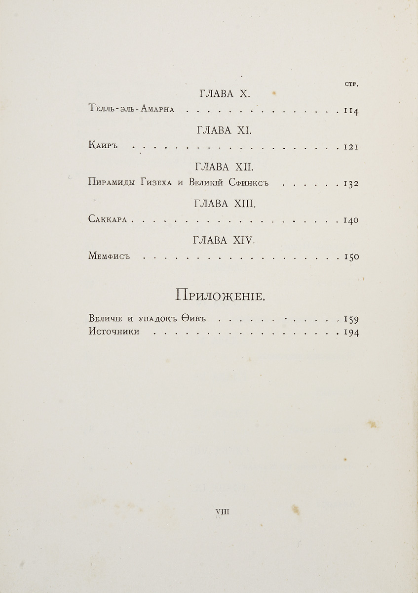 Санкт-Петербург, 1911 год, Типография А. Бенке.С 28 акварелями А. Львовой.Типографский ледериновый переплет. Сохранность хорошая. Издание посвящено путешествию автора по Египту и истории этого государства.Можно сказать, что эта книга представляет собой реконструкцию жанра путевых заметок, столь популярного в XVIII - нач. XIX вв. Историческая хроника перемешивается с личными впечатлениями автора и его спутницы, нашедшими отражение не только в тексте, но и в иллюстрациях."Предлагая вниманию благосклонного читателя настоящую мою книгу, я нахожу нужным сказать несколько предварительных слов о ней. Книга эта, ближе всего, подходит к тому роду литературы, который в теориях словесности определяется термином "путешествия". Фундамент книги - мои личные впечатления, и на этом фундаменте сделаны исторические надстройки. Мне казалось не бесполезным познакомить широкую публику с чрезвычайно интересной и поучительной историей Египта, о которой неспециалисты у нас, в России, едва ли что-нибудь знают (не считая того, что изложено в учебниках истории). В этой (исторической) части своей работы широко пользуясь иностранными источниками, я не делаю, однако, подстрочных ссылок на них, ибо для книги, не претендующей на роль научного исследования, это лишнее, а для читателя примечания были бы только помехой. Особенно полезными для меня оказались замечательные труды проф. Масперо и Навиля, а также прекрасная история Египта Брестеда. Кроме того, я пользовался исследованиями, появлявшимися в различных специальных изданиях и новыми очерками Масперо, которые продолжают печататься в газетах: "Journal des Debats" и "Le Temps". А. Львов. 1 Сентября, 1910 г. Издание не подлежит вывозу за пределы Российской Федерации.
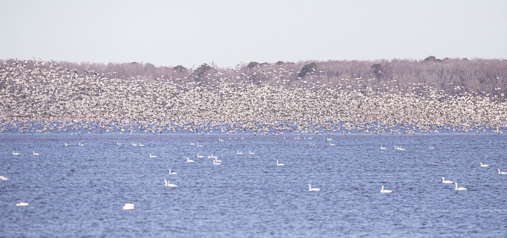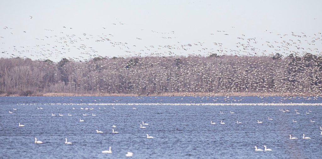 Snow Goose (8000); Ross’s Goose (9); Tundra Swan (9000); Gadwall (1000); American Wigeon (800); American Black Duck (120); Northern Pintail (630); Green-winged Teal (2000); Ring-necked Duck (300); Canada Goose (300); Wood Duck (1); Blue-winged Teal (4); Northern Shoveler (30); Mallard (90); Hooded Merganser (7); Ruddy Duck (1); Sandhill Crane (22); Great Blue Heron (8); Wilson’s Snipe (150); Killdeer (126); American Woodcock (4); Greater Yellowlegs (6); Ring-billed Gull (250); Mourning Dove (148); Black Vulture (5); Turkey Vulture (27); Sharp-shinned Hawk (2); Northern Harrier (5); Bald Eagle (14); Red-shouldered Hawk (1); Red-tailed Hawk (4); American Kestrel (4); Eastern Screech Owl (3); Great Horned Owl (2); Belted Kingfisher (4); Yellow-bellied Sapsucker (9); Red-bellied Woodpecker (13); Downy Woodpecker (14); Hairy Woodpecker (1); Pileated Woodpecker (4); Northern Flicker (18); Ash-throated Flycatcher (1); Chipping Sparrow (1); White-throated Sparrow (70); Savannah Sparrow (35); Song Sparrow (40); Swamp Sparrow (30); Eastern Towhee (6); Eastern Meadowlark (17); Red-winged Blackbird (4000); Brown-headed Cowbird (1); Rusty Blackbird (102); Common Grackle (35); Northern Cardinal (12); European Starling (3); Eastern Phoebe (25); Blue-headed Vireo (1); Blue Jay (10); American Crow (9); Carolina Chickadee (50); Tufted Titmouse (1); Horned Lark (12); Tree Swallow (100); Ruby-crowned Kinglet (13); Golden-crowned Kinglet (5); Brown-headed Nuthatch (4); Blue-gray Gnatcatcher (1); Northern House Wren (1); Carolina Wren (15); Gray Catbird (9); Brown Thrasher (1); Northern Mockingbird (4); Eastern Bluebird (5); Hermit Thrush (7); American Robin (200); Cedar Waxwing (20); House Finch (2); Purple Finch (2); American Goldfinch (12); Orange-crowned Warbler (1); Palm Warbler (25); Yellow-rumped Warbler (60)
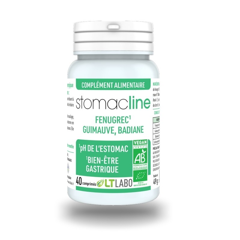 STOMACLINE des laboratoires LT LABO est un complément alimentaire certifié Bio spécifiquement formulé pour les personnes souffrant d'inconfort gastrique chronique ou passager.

WORK REQUIRED: Word for word, reproduce all the data, but not the pictures.

TASK RESULT:
 Санкт-Петербург, 1911 год, Типография А. Бенке.С 28 акварелями А. Львовой.Типографский ледериновый переплет. Сохранность хорошая. Издание посвящено путешествию автора по Египту и истории этого государства.Можно сказать, что эта книга представляет собой реконструкцию жанра путевых заметок, столь популярного в XVIII - нач. XIX вв. Историческая хроника перемешивается с личными впечатлениями автора и его спутницы, нашедшими отражение не только в тексте, но и в иллюстрациях."Предлагая вниманию благосклонного читателя настоящую мою книгу, я нахожу нужным сказать несколько предварительных слов о ней. Книга эта, ближе всего, подходит к тому роду литературы, который в теориях словесности определяется термином "путешествия". Фундамент книги - мои личные впечатления, и на этом фундаменте сделаны исторические надстройки. Мне казалось не бесполезным познакомить широкую публику с чрезвычайно интересной и поучительной историей Египта, о которой неспециалисты у нас, в России, едва ли что-нибудь знают (не считая того, что изложено в учебниках истории). В этой (исторической) части своей работы широко пользуясь иностранными источниками, я не делаю, однако, подстрочных ссылок на них, ибо для книги, не претендующей на роль научного исследования, это лишнее, а для читателя примечания были бы только помехой. Особенно полезными для меня оказались замечательные труды проф. Масперо и Навиля, а также прекрасная история Египта Брестеда. Кроме того, я пользовался исследованиями, появлявшимися в различных специальных изданиях и новыми очерками Масперо, которые продолжают печататься в газетах: "Journal des Debats" и "Le Temps". А. Львов. 1 Сентября, 1910 г. Издание не подлежит вывозу за пределы Российской Федерации.
 Snow Goose (8000); Ross’s Goose (9); Tundra Swan (9000); Gadwall (1000); American Wigeon (800); American Black Duck (120); Northern Pintail (630); Green-winged Teal (2000); Ring-necked Duck (300); Canada Goose (300); Wood Duck (1); Blue-winged Teal (4); Northern Shoveler (30); Mallard (90); Hooded Merganser (7); Ruddy Duck (1); Sandhill Crane (22); Great Blue Heron (8); Wilson’s Snipe (150); Killdeer (126); American Woodcock (4); Greater Yellowlegs (6); Ring-billed Gull (250); Mourning Dove (148); Black Vulture (5); Turkey Vulture (27); Sharp-shinned Hawk (2); Northern Harrier (5); Bald Eagle (14); Red-shouldered Hawk (1); Red-tailed Hawk (4); American Kestrel (4); Eastern Screech Owl (3); Great Horned Owl (2); Belted Kingfisher (4); Yellow-bellied Sapsucker (9); Red-bellied Woodpecker (13); Downy Woodpecker (14); Hairy Woodpecker (1); Pileated Woodpecker (4); Northern Flicker (18); Ash-throated Flycatcher (1); Chipping Sparrow (1); White-throated Sparrow (70); Savannah Sparrow (35); Song Sparrow (40); Swamp Sparrow (30); Eastern Towhee (6); Eastern Meadowlark (17); Red-winged Blackbird (4000); Brown-headed Cowbird (1); Rusty Blackbird (102); Common Grackle (35); Northern Cardinal (12); European Starling (3); Eastern Phoebe (25); Blue-headed Vireo (1); Blue Jay (10); American Crow (9); Carolina Chickadee (50); Tufted Titmouse (1); Horned Lark (12); Tree Swallow (100); Ruby-crowned Kinglet (13); Golden-crowned Kinglet (5); Brown-headed Nuthatch (4); Blue-gray Gnatcatcher (1); Northern House Wren (1); Carolina Wren (15); Gray Catbird (9); Brown Thrasher (1); Northern Mockingbird (4); Eastern Bluebird (5); Hermit Thrush (7); American Robin (200); Cedar Waxwing (20); House Finch (2); Purple Finch (2); American Goldfinch (12); Orange-crowned Warbler (1); Palm Warbler (25); Yellow-rumped Warbler (60)
 STOMACLINE des laboratoires LT LABO est un complément alimentaire certifié Bio spécifiquement formulé pour les personnes souffrant d'inconfort gastrique chronique ou passager.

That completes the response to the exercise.